My relationship with cauliflower rice was doomed from the beginning, but I was too naive to see that. It's been a physically and emotionally taxing journey, but I've finally found peace with myself and cauliflower after all this time. I'm hoping to help anyone else out there that may have a similar experience and needs comfort, so here's my story and my 5 stages of cauliflower rice grief.
I was introduced to cauliflower rice by a close and, at the time, trusted friend.
"Have you tried cauliflower rice? You can substitute it for rice in pretty much anything and it's only 25 calories per serving," she said.
Rice without calories? Yes, please. I was sold.
That week I bought myself my very own bag of miracle rice and I couldn't wait to try it.
I followed a simple fried rice recipe, only substituting loyal, delicious, inoffensive real rice for cauliflower rice in the expectation that this product was about to change my life for the better.
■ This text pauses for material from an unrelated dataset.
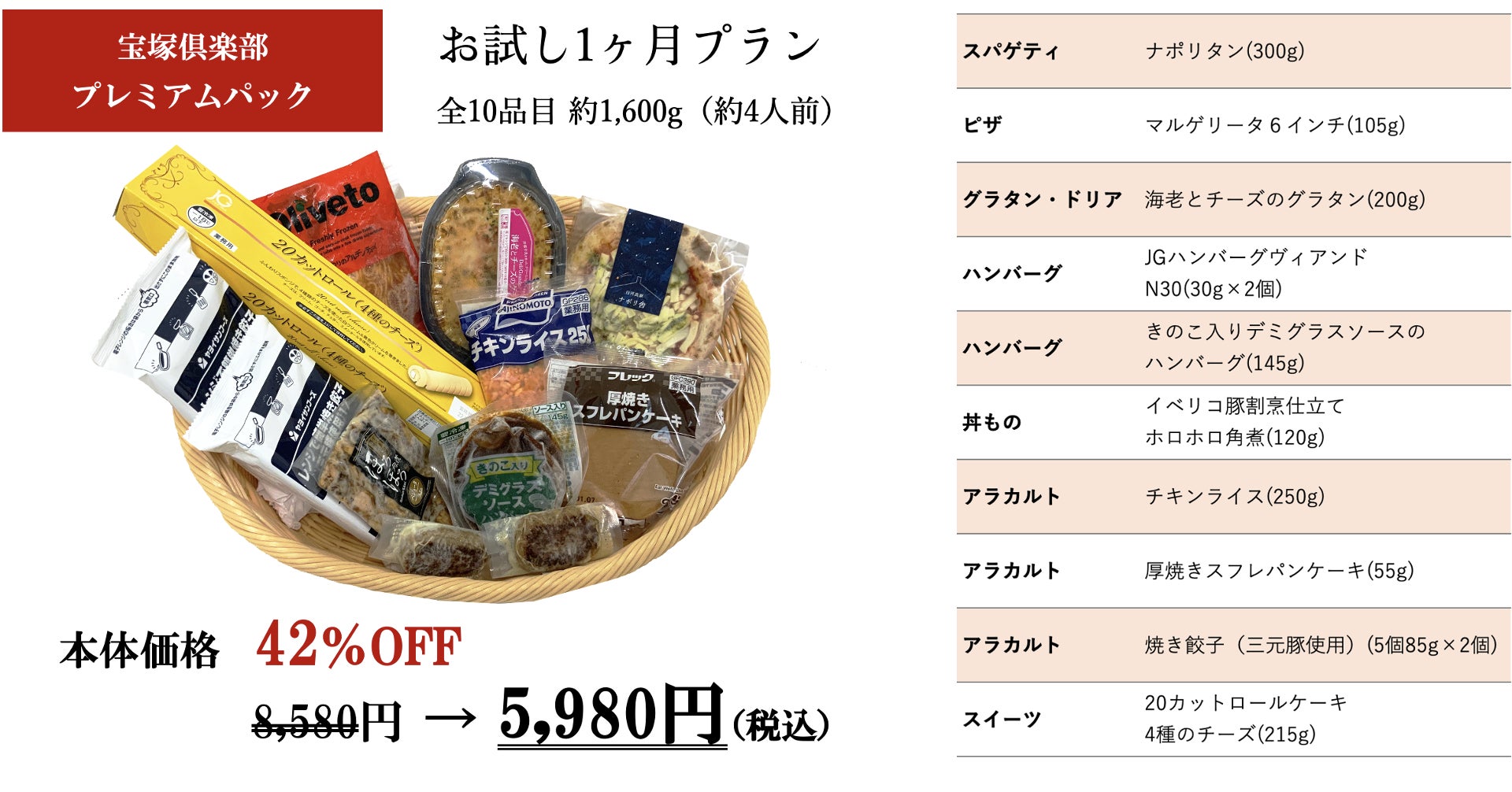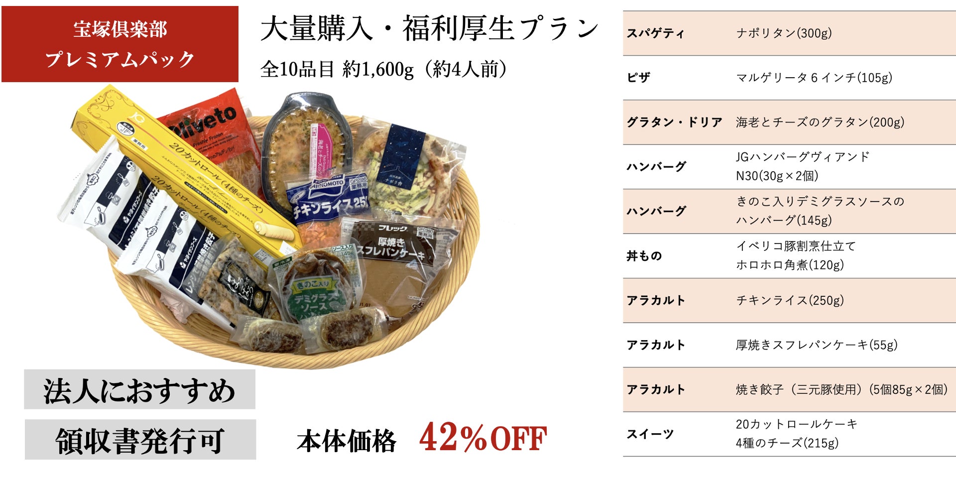 今回のリターンである「宝塚倶楽部 プレミアムパック」を取り扱っている宝塚倶楽部では日本全国の名店の味から、電子レンジや湯煎で簡単にカフェやレストランの味が楽しめる、業務用の冷凍食品の数々を取り揃えています。

If you didn't get too close, the finished product looked just like a regular bowl of fried rice. Pleased with the aesthetic, I grabbed my spoon and dug in.
Was this a joke? Maybe I bought the wrong product, because this tasted straight up like cauliflower with soy sauce. Nothing, not even the texture reminded me faintly of rice.
I was mortified, disgusted, and most importantly, angry. This product truly had nothing to do with rice. It was essentially pre-chewed, full-funk cauliflower. I was furious that Trader Joe had let this happen to me.
I've tried cauliflower rice a few times since the incident, but I can't get past the bitter taste of deception. The kicker is, I actually like accurately labeled, good old fashioned cauliflower. But you know what I don't like? Liars.
Perhaps the only thing worse than the betrayal that I felt from the cauliflower rice is the fact that I betrayed honest rice in the process. It still breaks my heart to think about. You know what they say, we hurt the ones we love.
I've learned a valuable lesson: you can't just mash up whatever you want into small bits and call it "rice", it doesn't work that way (hey, broccoli, I see you all riced up now in the produce section trying this same sh*t).
If nothing else, I came out of this experience a little wiser. I can't blame myself; cauliflower rice was the Voldemort to my Peter Pettigrew and I stood no chance against its manipulative influence.